━━━ Data shown ━━━
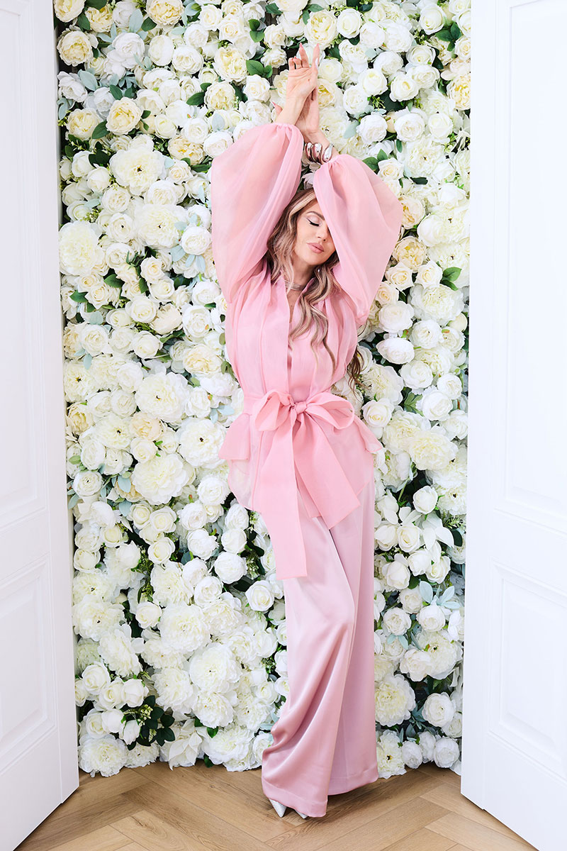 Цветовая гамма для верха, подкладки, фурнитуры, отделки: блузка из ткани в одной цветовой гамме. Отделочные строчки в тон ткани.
━━━
━━━ Data shown ━━━
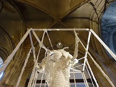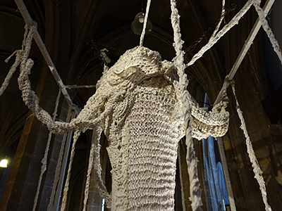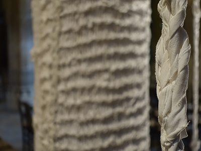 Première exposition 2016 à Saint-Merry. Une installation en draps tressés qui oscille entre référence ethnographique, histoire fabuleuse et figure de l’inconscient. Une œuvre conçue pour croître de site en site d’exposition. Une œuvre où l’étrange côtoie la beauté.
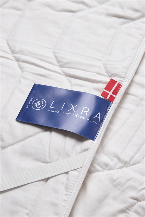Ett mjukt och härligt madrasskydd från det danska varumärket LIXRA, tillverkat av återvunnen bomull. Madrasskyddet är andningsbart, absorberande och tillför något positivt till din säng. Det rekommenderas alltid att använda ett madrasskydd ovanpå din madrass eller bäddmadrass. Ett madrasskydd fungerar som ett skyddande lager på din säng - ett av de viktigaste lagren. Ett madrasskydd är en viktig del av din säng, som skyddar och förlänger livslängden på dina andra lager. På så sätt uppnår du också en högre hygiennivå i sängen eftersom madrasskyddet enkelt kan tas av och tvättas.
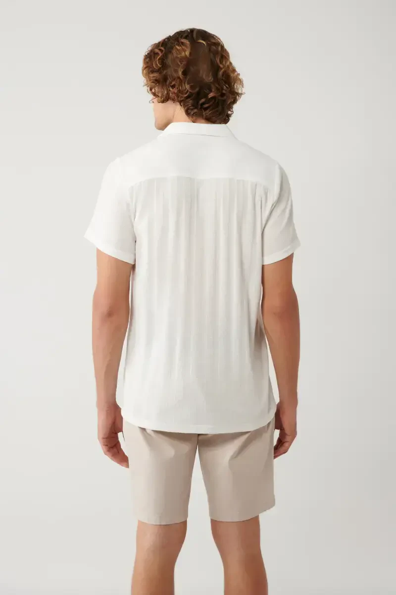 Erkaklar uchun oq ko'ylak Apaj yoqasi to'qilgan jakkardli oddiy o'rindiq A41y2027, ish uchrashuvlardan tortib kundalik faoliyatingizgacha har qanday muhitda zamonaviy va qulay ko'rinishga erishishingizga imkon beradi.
━━━
━━━ Data shown ━━━
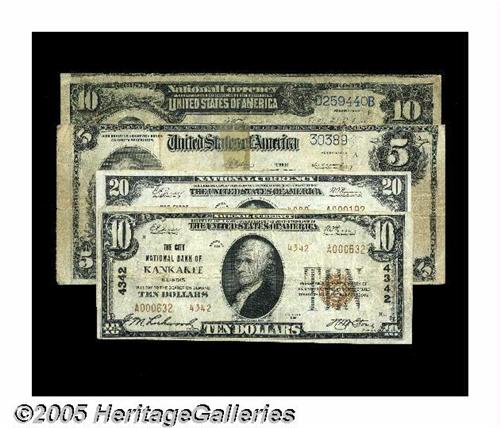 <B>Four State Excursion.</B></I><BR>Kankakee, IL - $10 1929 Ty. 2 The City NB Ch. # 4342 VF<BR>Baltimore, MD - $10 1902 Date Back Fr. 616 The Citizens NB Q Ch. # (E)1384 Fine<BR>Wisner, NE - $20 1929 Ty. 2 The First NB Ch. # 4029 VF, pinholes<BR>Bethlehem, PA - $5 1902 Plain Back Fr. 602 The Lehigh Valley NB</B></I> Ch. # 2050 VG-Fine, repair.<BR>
━━━
Requirement: In the entries above, find the line that contains "Première exposition 2016" and the line that contains "Erkaklar uchun oq". Reproduce exactly those two lines and every line between them, but not the pictures.

Response to the exercise:
 Première exposition 2016 à Saint-Merry. Une installation en draps tressés qui oscille entre référence ethnographique, histoire fabuleuse et figure de l’inconscient. Une œuvre conçue pour croître de site en site d’exposition. Une œuvre où l’étrange côtoie la beauté.
Ett mjukt och härligt madrasskydd från det danska varumärket LIXRA, tillverkat av återvunnen bomull. Madrasskyddet är andningsbart, absorberande och tillför något positivt till din säng. Det rekommenderas alltid att använda ett madrasskydd ovanpå din madrass eller bäddmadrass. Ett madrasskydd fungerar som ett skyddande lager på din säng - ett av de viktigaste lagren. Ett madrasskydd är en viktig del av din säng, som skyddar och förlänger livslängden på dina andra lager. På så sätt uppnår du också en högre hygiennivå i sängen eftersom madrasskyddet enkelt kan tas av och tvättas.
 Erkaklar uchun oq ko'ylak Apaj yoqasi to'qilgan jakkardli oddiy o'rindiq A41y2027, ish uchrashuvlardan tortib kundalik faoliyatingizgacha har qanday muhitda zamonaviy va qulay ko'rinishga erishishingizga imkon beradi.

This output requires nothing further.